**What is required:** Please give the lines below again exactly as they stand, from the one that contains "A-Linie, tiefer V-Ausschnitt, hoher" up to and including the one that contains "Sharp DK-AP7N-S 2.1", leaving all pictures out.

**Data for processing:**
================

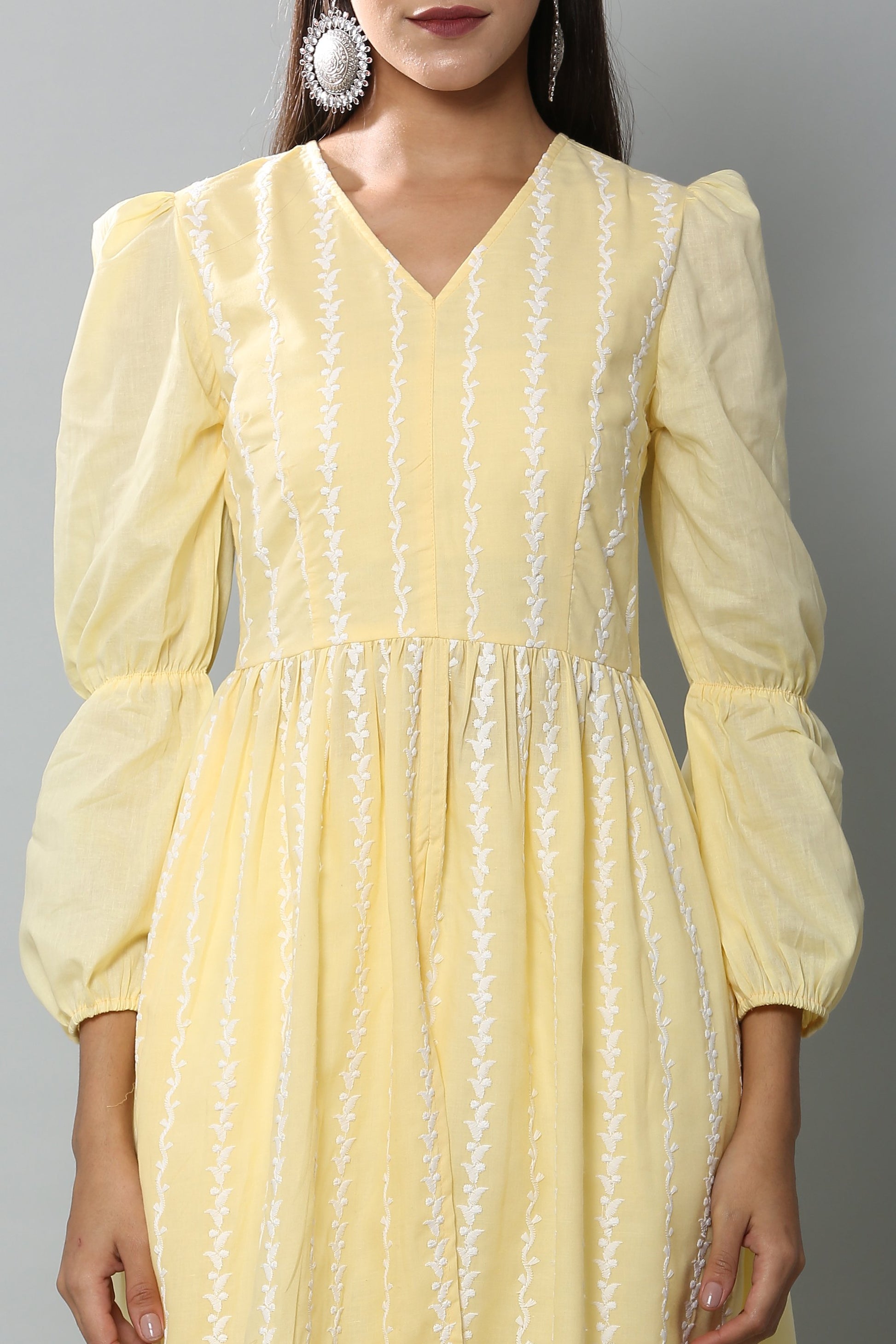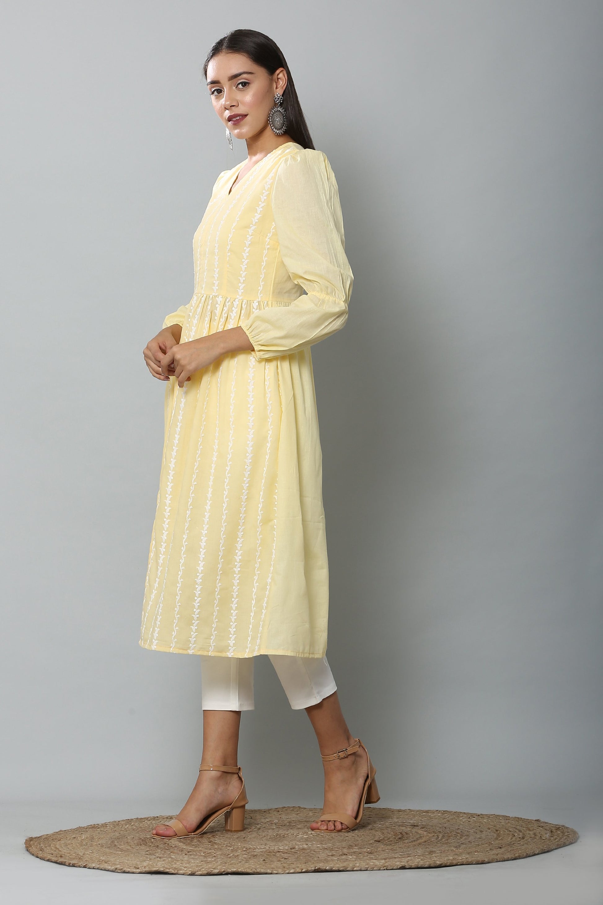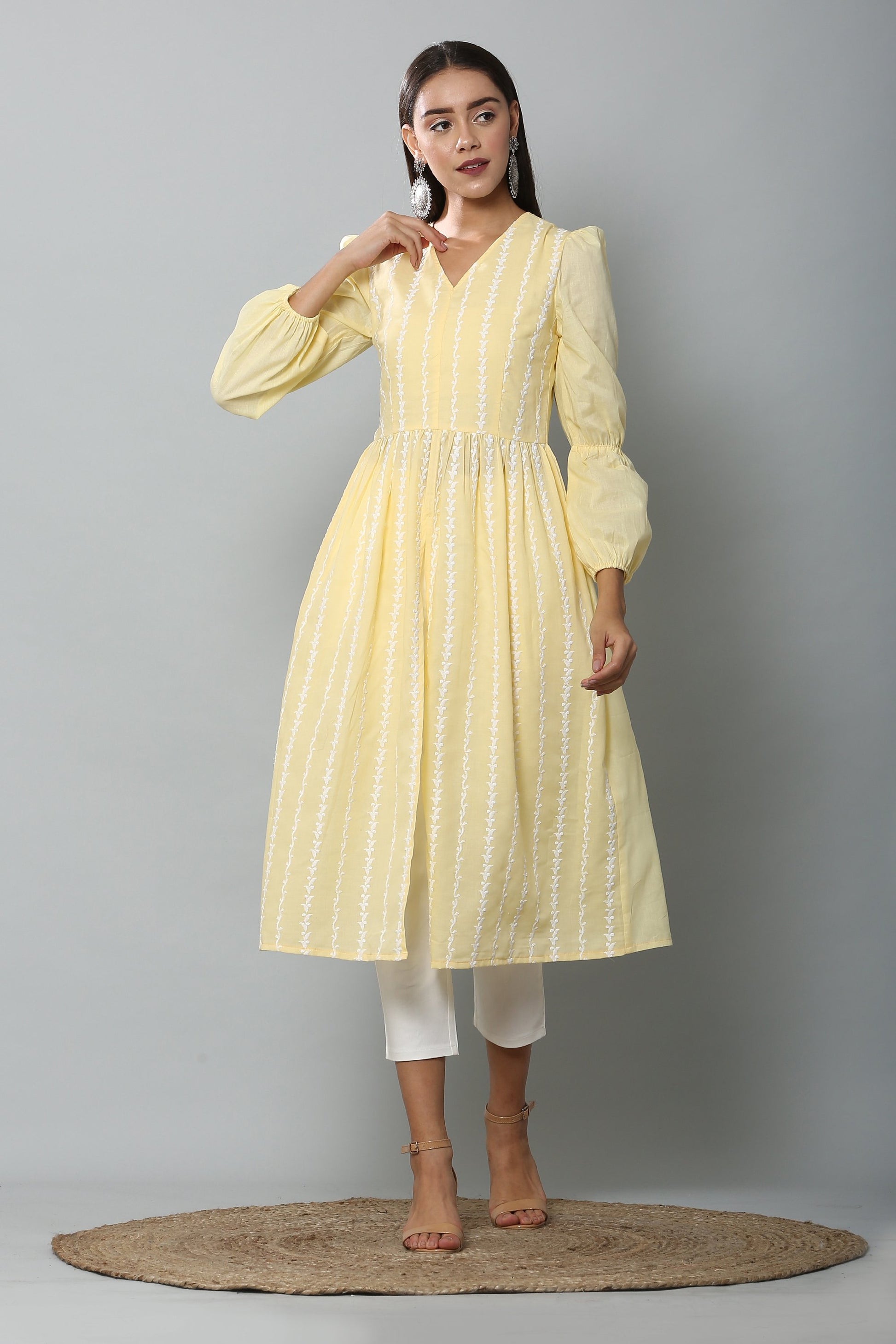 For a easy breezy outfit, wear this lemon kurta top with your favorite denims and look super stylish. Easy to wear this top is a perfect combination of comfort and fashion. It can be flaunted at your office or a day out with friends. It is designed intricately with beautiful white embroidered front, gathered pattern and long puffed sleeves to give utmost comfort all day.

================

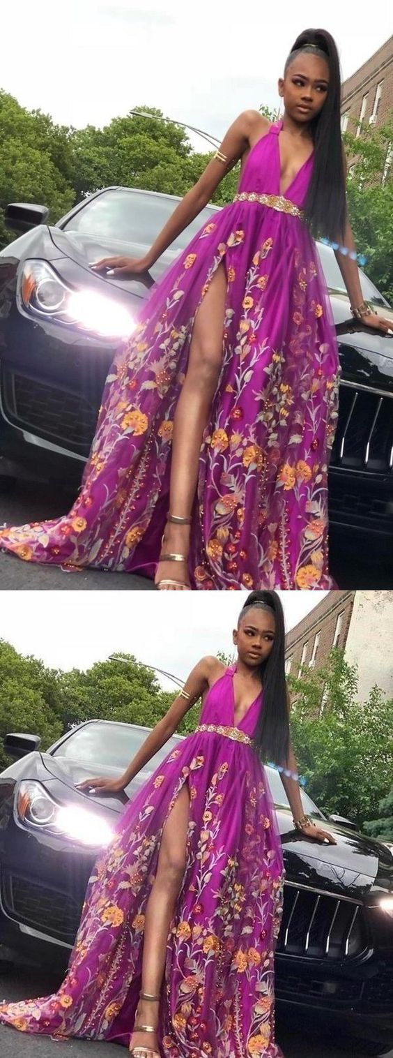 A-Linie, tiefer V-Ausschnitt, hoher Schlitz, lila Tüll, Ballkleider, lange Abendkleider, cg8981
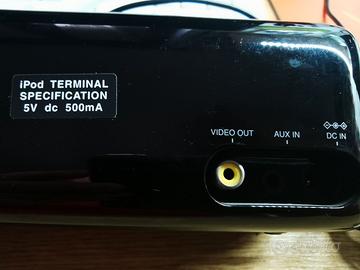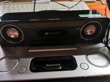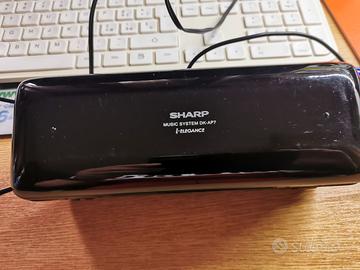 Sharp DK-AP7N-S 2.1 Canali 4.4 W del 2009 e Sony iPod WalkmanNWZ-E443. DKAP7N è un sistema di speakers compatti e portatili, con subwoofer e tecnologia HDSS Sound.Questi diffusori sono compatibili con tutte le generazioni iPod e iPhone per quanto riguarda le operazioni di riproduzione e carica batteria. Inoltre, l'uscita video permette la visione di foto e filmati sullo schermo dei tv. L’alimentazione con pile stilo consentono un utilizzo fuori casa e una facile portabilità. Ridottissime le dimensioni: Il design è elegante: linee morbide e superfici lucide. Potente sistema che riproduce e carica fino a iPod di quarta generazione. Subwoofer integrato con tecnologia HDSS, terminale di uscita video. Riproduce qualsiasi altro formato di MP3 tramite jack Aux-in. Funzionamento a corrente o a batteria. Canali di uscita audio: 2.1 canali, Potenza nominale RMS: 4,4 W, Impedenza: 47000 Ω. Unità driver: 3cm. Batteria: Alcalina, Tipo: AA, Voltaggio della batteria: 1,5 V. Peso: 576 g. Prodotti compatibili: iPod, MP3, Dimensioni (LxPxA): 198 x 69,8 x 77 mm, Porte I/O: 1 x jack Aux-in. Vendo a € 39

================

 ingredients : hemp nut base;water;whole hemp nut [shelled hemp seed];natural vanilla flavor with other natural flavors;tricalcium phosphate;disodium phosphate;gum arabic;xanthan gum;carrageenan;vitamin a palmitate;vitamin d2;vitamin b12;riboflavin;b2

================

**Answer to this task:**
 A-Linie, tiefer V-Ausschnitt, hoher Schlitz, lila Tüll, Ballkleider, lange Abendkleider, cg8981
 Sharp DK-AP7N-S 2.1 Canali 4.4 W del 2009 e Sony iPod WalkmanNWZ-E443. DKAP7N è un sistema di speakers compatti e portatili, con subwoofer e tecnologia HDSS Sound.Questi diffusori sono compatibili con tutte le generazioni iPod e iPhone per quanto riguarda le operazioni di riproduzione e carica batteria. Inoltre, l'uscita video permette la visione di foto e filmati sullo schermo dei tv. L’alimentazione con pile stilo consentono un utilizzo fuori casa e una facile portabilità. Ridottissime le dimensioni: Il design è elegante: linee morbide e superfici lucide. Potente sistema che riproduce e carica fino a iPod di quarta generazione. Subwoofer integrato con tecnologia HDSS, terminale di uscita video. Riproduce qualsiasi altro formato di MP3 tramite jack Aux-in. Funzionamento a corrente o a batteria. Canali di uscita audio: 2.1 canali, Potenza nominale RMS: 4,4 W, Impedenza: 47000 Ω. Unità driver: 3cm. Batteria: Alcalina, Tipo: AA, Voltaggio della batteria: 1,5 V. Peso: 576 g. Prodotti compatibili: iPod, MP3, Dimensioni (LxPxA): 198 x 69,8 x 77 mm, Porte I/O: 1 x jack Aux-in. Vendo a € 39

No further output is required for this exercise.